Не только в общественной, но и в
личной жизни большинства людей, мыслящих и чувствующих, не отдаваясь
исключительно во власть животных потребностей и вожделений, переоценка
ценностей - явление естественное и почти неизбежное. Когда жизнь склоняется к
закату и ее суетные стороны представляются особенно рельефно - приходится
многое переоценить - и в себе, и в других. Благо тому, кто выходит из этой
внутренней работы, не утратив веры в людей и не краснея за себя! Но и в разгаре
жизни, когда, по-видимому в личном существовании все определилось ясно и
"образовалось", внезапно наступает необходимость переоценки.

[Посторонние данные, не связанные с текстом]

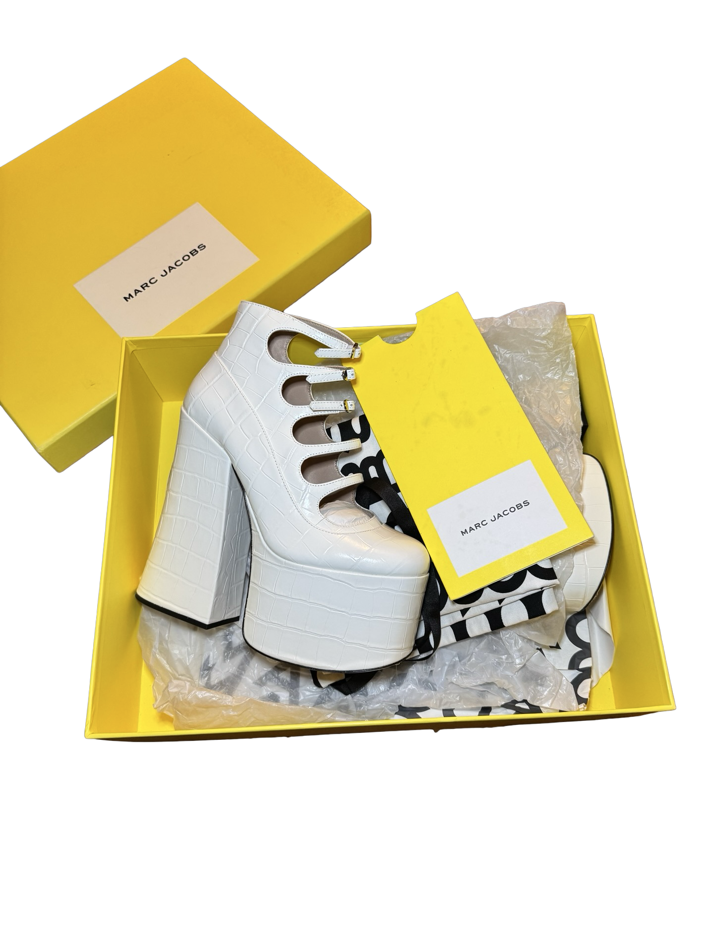 Elevate your footwear game (literally) with these iconic Marc Jacobs Kiki Ankle Boots. Known for their dramatic silhouette and high-fashion edge, these boots are a must-have for any serious collector or fashion enthusiast. These are brand new, never worn, and come in their original Marc Jacobs box with the dust bag.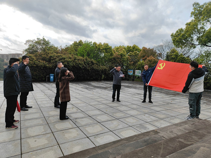 該項目部11名黨員懷著沉重的心情向雄偉的紀(jì)念碑默哀三分鐘,向革命烈士致以崇高的敬意,并向紀(jì)念碑敬獻(xiàn)了花籃,向烈士墓和朱楓烈士雕像敬獻(xiàn)了鮮花。全體黨員在紀(jì)念碑前合影,記錄下這難忘的時刻。他們面對鮮紅的黨旗莊嚴(yán)宣誓,錚錚誓言字字鏗鏘有力,表達(dá)了每個黨員對黨旗的敬畏之心,對黨的無限熱愛,對企業(yè)的無限忠誠和踐行初心使命的堅定信念和堅強(qiáng)決心。
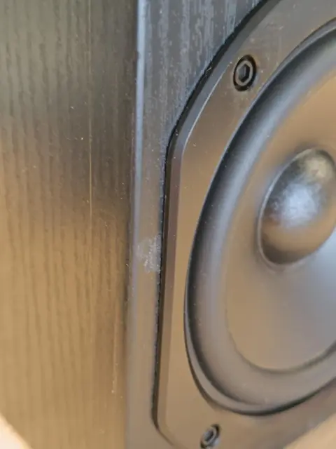 Poškodovana mrežica levega zvočnika, manjša praska na samem zvočniku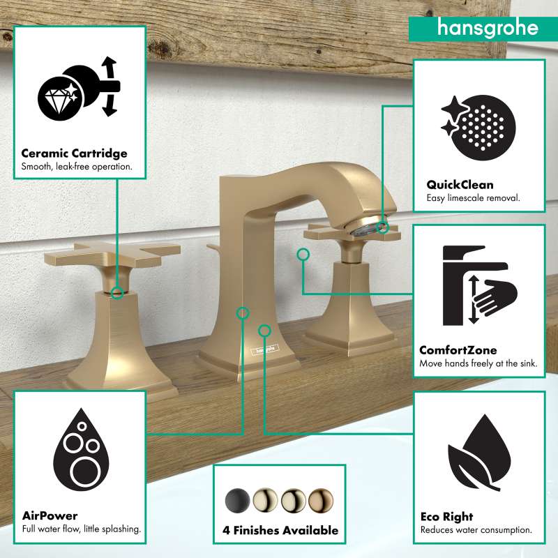 • Hansgrohe Metropol Classic Widespread Faucet 110 With Cross Handles And Pop-Up Drain, 1.2 Gpm In Brushed Bronze, 31306141 Brushed Bronze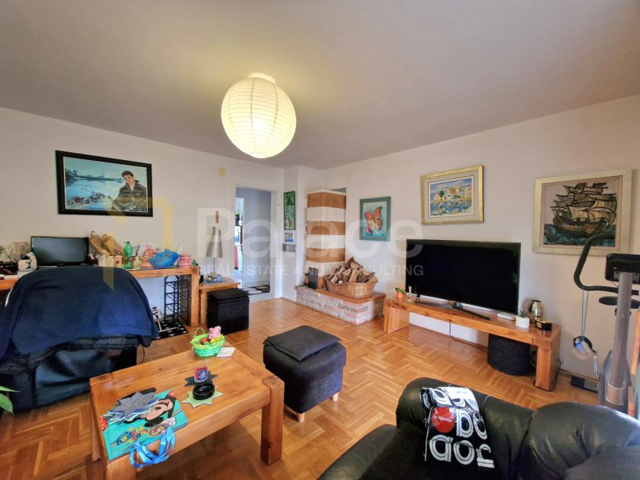 Sastoji se od: hodnika kupaonice, dnevnog boravka, balkona i 2 sobe. U podrumu se nalazi pripadajuća ostava. Stanu pripada i garaža s motornim podizačem vrata.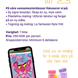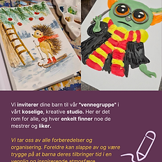 Vi vet at tilpasning til nye omgivelser kan være utfordrende for barn. Derfor er det så viktig å finne et trygt og spennende sted hvor de kan ha det gøy, utfolde seg kreativt og finne nye venner. Art Lab tar seg av dette og hjelper foreldre med å organisere aktiviteten. Vi inviterer dine barn til vår "vennegruppe" i vårt koselige, kreative studio. Her er det rom for alle, og hver enkelt finner noe de mestrer og liker. Vi tar oss av alle forberedelser og organisering. Foreldre kan slappe av og være trygge på at barna deres tilbringer tid i en vennlig og inspirerende atmosfære. På våre vennemesterklasser fokuserer vi på: 🧵 Sy egne kosedyr: Skap en ny, myk venn 🎨 Plastelina-maling: Utforsk tekstur og farger på en ny måte. 🖌️ Tegning og maling: La fantasien flyte fritt Detaljene: ⏰ Varighet: 1 time 💰 Pris: 250 NOK per person 👥 Gruppestørrelse: Minimum 5 deltakere Og allerede første samling vil finne sted mandag 10. november, kl. 17:30–18:30, i den koselige atmosfæren i ArtLab-studioet 🎨

Иногда
кажется, что время несбывающихся надежд и мечтаний, время роковых страстей и
упорной борьбы за существование минуло навсегда и неширокий путь личной
удовлетворенности тянется под серым небом, сливаясь вдали с ничего не
обещающею, но ничем и не обманывающею серою далью. И вдруг, из какого-нибудь
забытого или небрежно обойденного уголка жизни подымется вопрос, грозящий все
изменить и властно заставляющий произвести перестройку всего здания душевной
жизни человека.
Совершается "переоценка" и
в различных областях знания. Она составляет естественный результат движения
вперед человеческой мысли и ее пытливости. Ее нельзя не приветствовать, с нею
необходимо считаться. Но в понятном и нередко благотворном стремлении к такой
переоценке надо отличать торопливую готовность к смелым выводам и неразборчивым
обобщениям от действительно назревшей потребности; надо отделять ценные
приобретения строгого и целесообразного труда от увлечения самим процессом
работ по "переоценке", причем случается, что скудные или непригодные
плоды этих работ далеко не соответствуют потраченным на них силам. За последнее
столетие медицинские науки представляют несколько примеров поспешной переоценки,
где частичное ценное наблюдение или полезное открытие восторженно клалось во
главу угла громко провозглашаемого "переворота", в котором потом
приходилось усомниться и постепенно вернуться к тому, что было объявлено
навсегда обесцененным.
Не миновали переоценки и явления
правовой области. Стоит указать на новейшее движение в науке о государстве, на
труды Менгера и Дюги, на отрицательное отношение к основам парламентаризма
(и выводимого из него принципа построения правового государства –прим.автора) и
т. п. С особой энергией предпринята переоценка карательной деятельности
государства и ее оснований. Почти вся совокупность трудов старой, так
называемой классической, школы уголовного права объявлена в ряде ученых
исследований по "пенологии" (науке о наказании – прим. автора) и
"криминологии" (общая теоретическая наука о преступности и её
причинах и условиях, личности, лиц совершивших преступление – прим.автора) и в
заседаниях конгрессов по уголовной антропологии бесплодным собранием чуждых
жизни теоретических положений и черствых вымыслов односторонне направленного
ума.
Изощряясь в наименованиях и
подразделениях и втискивая человеческую природу в их мертвые рамки,
классическая школа опутала жизнь своим учением о злой воле и ее проявлениях.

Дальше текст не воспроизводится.